- _EXERCISE DIRECTIONS_:
Please, starting at the line that contains "ءۇندىستان ۇلتتىق مۋزەيىنە", reproduce every line exactly until the records run out, skipping all pictures.

Data excerpts:
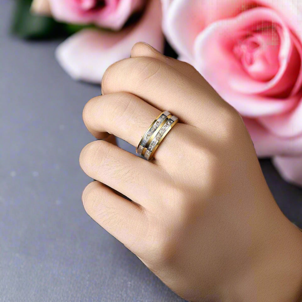 Crafted with precision, this 8mm Men's Wedding Band in Tungsten Carbide features a stunning golden gray finish that shines brilliantly like a diamond. Designed to symbolize your commitment, it’s the perfect ring for you, your partner, and the love you share.
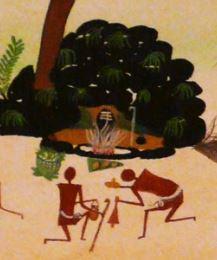 BalaSubramania est un des peintres majeurs des Kurumbas. Il vit dans le village de Mettukalai près de Kotagiri où il anime l’école de peinture créée à l’initiative de la Fondation CP ART. Il est avant tout agriculteur. Ses peintures illustrent principalement des scènes rituelles qui appartiennent son clan. Il utilise uniquement des pigments végétaux ou minéraux collectés dans la forêt qui entoure son village.
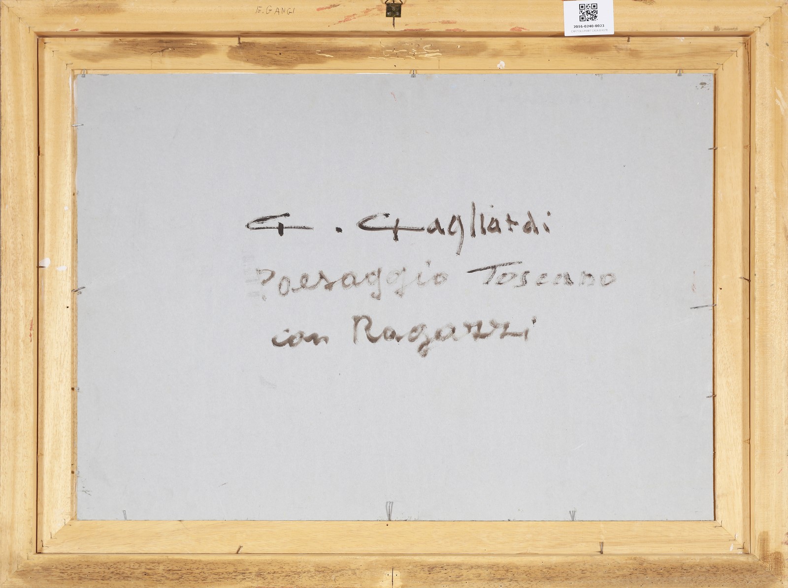 GAGLIARDI GIUSEPPE (n. 1896) Paesaggio toscano con ragazzi. Olio su cartone. Cm 70,00 x 50,00. Firma in basso a sinistra. Al retro firma e titolo. Cornice presente
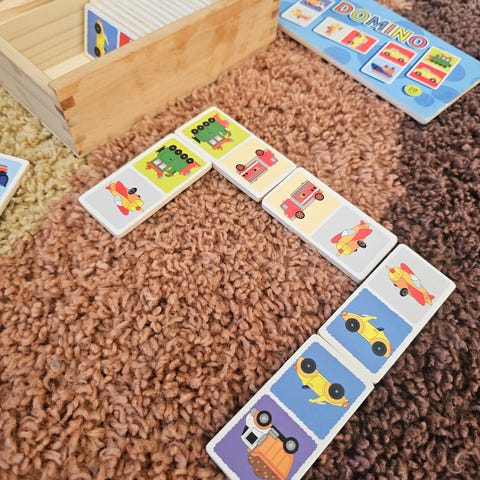 Små dominobrikker med morsomme og enkle illustrasjoner som hjelper barnet med å utvikle evnen til observasjon og gjenkjenning. Spillet er spesielt utviklet for små barn og stimulerer nysgjerrighet og læring gjennom lek.
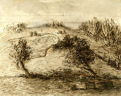 kohavaated, maastikud, baltisaksa, kunst, joonistus, seepia (kunst), 19. saj., tušijoonistus
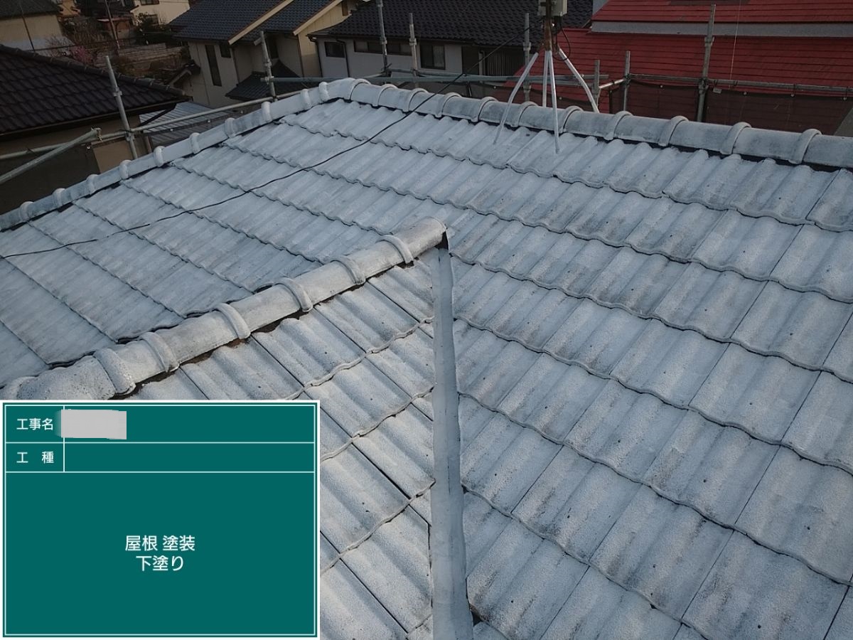 屋根下塗り 下塗り材を塗ることで塗料が吸い込まれるのを防ぐことができるため、色ムラや艶のムラのない綺麗な仕上がりにできます!
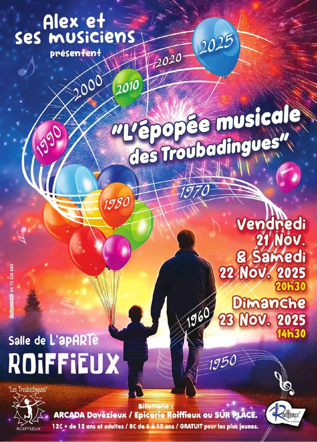 Alex et ses musiciens vous convient à l'épopée musicale des Troubadingues, vendredi 21 novembre et samedi 22 novembre à 20 h 30 à L'apARTé et dimanche 23 novembre à 14 h 30 à L'apARTé.
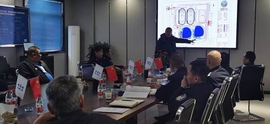 甘泽军向与会人员介绍场馆运行流线情况
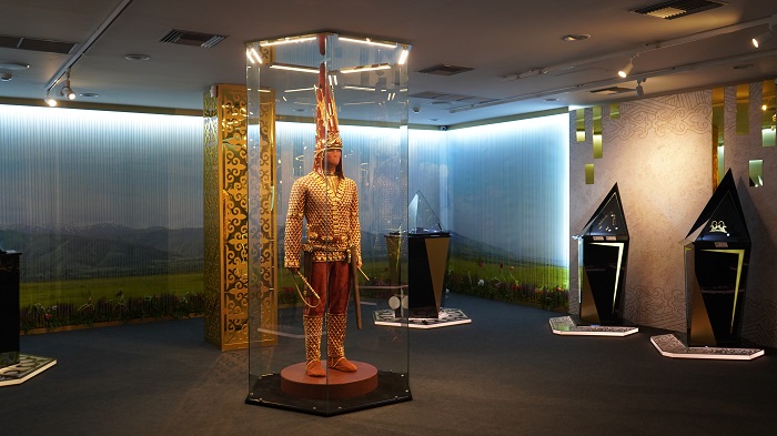 ءۇندىستان ۇلتتىق مۋزەيىنە ۇسىنىلعان كورمەدەن كيىمى التىن جاپسىرمالى جانە جەبە, قار بارىسى, ارقار, جىلقى جانە قۇس تۇرىندەگى التىن تىلىمشەلەر اشەكەيلەپ تۇرعان كونۋس ءپىشىندى ەرەكشە باس كيىمدى التىن ادامنىڭ رەكونسترۋكتسياسىن جانە وسى جاس اق سۇيەك ساق جاۋىنگەرىمەن (ارحەولوگتاردىڭ پىكىرلەرى بويىنشا 17-18 جاستار شاماسىندا) بىرگە جەرلەنگەن ەرتە تەمىر عاسىرىنىڭ (ب.د.د V-IV عع.) ارحەولوگيالىق ولجالارىنىڭ كوللەكتسياسىن تاماشالاۋعا بولادى.
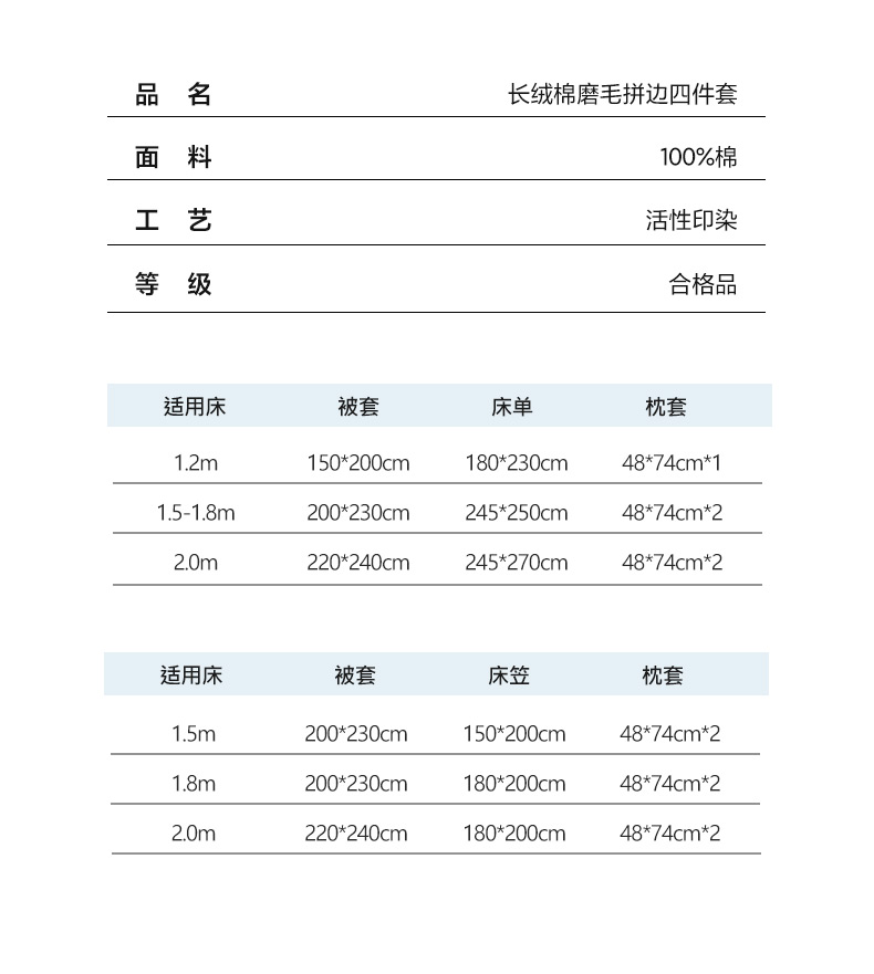1.8m床笠款被套加大四件套 | ¥218.00 |

- _RESPONSE BELOW_:
 ءۇندىستان ۇلتتىق مۋزەيىنە ۇسىنىلعان كورمەدەن كيىمى التىن جاپسىرمالى جانە جەبە, قار بارىسى, ارقار, جىلقى جانە قۇس تۇرىندەگى التىن تىلىمشەلەر اشەكەيلەپ تۇرعان كونۋس ءپىشىندى ەرەكشە باس كيىمدى التىن ادامنىڭ رەكونسترۋكتسياسىن جانە وسى جاس اق سۇيەك ساق جاۋىنگەرىمەن (ارحەولوگتاردىڭ پىكىرلەرى بويىنشا 17-18 جاستار شاماسىندا) بىرگە جەرلەنگەن ەرتە تەمىر عاسىرىنىڭ (ب.د.د V-IV عع.) ارحەولوگيالىق ولجالارىنىڭ كوللەكتسياسىن تاماشالاۋعا بولادى.
1.8m床笠款被套加大四件套 | ¥218.00 |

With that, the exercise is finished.